__TASK STATEMENT__.
Once you reach the line containing "Su estética minimalista" in the entries below, write out that line and each one after it down to the line containing "Detail Mini Dress", exactly and with nothing added.

===== THE DATA =====

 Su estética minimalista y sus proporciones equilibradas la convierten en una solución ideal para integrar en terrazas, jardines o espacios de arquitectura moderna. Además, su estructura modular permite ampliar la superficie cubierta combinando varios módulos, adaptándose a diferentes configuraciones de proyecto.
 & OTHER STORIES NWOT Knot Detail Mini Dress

=====
===== THE DATA =====

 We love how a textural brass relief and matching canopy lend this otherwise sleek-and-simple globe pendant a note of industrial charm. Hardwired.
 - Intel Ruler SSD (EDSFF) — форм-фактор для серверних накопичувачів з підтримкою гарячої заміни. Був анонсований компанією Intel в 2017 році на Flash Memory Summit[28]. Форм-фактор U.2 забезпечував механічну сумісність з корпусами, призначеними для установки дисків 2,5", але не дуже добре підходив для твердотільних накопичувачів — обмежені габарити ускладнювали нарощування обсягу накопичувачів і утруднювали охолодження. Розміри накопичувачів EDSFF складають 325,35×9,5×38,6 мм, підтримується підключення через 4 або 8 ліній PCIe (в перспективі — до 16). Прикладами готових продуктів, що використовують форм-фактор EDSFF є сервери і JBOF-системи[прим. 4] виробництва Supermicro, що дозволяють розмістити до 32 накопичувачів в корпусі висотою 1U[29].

=====

__FINISHED TASK__.
 Su estética minimalista y sus proporciones equilibradas la convierten en una solución ideal para integrar en terrazas, jardines o espacios de arquitectura moderna. Además, su estructura modular permite ampliar la superficie cubierta combinando varios módulos, adaptándose a diferentes configuraciones de proyecto.
 & OTHER STORIES NWOT Knot Detail Mini Dress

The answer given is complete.